Bypass serves to shorten the delay in a RAW dependency. The value to be transmitted is forwarded to the reading instruction as soon as it is computed rather than after it has been written (on the next figure, value r1-1 is forwarded to the bne instruction).
Branch delay serves to hide the latency of a computed control flow instruction. While the control flow target address is computed, the following instructions are fetched and inserted in the pipeline to be run. They are semantically part of the computation preceding the branch even though they statically follow it (on the next figure, the add instruction is run whether the branch is taken or not).

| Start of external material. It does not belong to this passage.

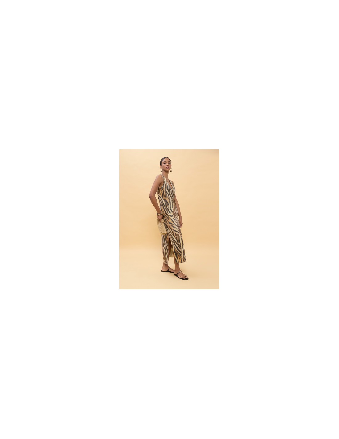 VESTIDO-LARGO-ESTAMPADO-CEBRA-MARRÓN-NEGRO-SIN-MANGAS-LOLA-CASADEMUNT

To increase the size of the local window, either superscalar or VLIW or EPIC processors are used.
A superscalar processor offers multiple identical and generic pipelines. Each pipeline can handle any instruction.
A VLIW (Very Large Instruction Word) processor offers multiple specific pipelines. Each pipeline can handle a subset of the instructions, e.g. an integer computation pipeline, a memory access pipeline and a branch pipeline. The compiler packs multiple instructions into a large word adapted to the set of available pipelines.
An EPIC (Explicitely Parallel Instruction set Computer) processor is a VLIW processor with a large set of registers to allow static register renaming. The static renaming increases the local ILP by removing some name dependencies, which helps the compiler to find more instructions to fill the words.

To hide long latencies (e.g. a division or a memory access with multi-level cache misses) the processor may run instructions out-of-order.
An out-of-order processor issues instructions according to the availability of their sources and operators. For example, while a memory load is in flight, instructions which are independent of the loaded value can be issued even though they follow the load in the dynamic trace.
The processor is organized around a set of concurrent engines rather than a pipeline.
The fetch engine reads instructions in-order and saves them in a fetch buffer.
The decode and rename engine reads in-order the instructions saved by the fetch engine. It eliminates name dependencies and detects RAW dependencies through register renaming. The needed operator is identified from the instruction decoding. The renamed instructions are saved in a ReOrder Buffer (ROB) which represents the window from which local ILP can be exploited.
The issue engine selects ready renamed instructions, i.e. which sources and needed operator are all available. The operation may take multiple cycles. When the result is computed, it is written to a write-back buffer and the instructions in the ROB waiting for the written value are notified. Waiting instructions may be issued out-of-order.
The write-back engine selects write-back buffer entries to write their result to the destination register file. Terminated instructions are marked in the ROB. Instructions may terminate out-of-order.
The commit engine removes the terminated instructions from the ROB in-order.

To further hide long latencies out-of-order processors can be equiped with speculation units. For example, a branch predictor speculates on the outcome of a branch instruction. The predicted target is fetched before the branch has been computed. If the bet is successful, it is as if the branch computation had a latency equal to the prediction duration (e.g. a single cycle). Hence, the branch computation latency is partially (multiple cycle prediction) or even fully (single cycle prediction) hidden.
A speculative processor may speculate on branches, loads, values and anything which has a long latency. Branch speculation helps filling the ROB, while other speculations related to execution help to empty the ROB, making room for new instructions. The more efficient the execution speculation is, the more accurate the branch predictor must be to keep the ROB filled and provide a high local ILP.

Exploiting the global ILP

Multithreading (or SMT for Simultaneous MultiThreading) is a substitute to speculation to hide latencies.
A multithreaded processor inputs instructions from multiple threads. After renaming, the instructions seem to belong to a single thread as the architectural registers of the different inputing threads are mapped into a single set of renaming registers. They share the issue engine, including the set of functional units. The write back engine sends each result to its thread destination.
If the hosted threads belong to different applications, multithreading improves processor throughput but not application latency (latency may even be slightly degraded because of some cycles stolen by the other concurrently running threads). But when the hosted threads are all related to a single parallelized application (e.g. an OpenMP code), then they do improve its latency through global ILP exploitation.

Exploiting global and local ILP

To exploit both local and global ILP, a multithreaded out-of-order processor is required. Out-of-order computation exploits local ILP and multithreading exploits global ILP. As multitheading is a substitute to speculation, the processor may avoid speculation.

The processor may host a single or multiple cores. On a given die area, the aim is to maximize the instruction throughput. There is a trade-off between a set of superscalar multithreaded out-of-order and speculative cores and a set of scalar multithreaded out-of-order non speculative cores.
It is probably more efficient to rely on many scalar cores than on a few superscalar ones.

The scalar cores should allow out-of-order computation to facilitate inter-thread producer to consumer synchronisation. An instruction reading a value written by another instruction of another thread waits until the producing instruction has sent the value to be consumed.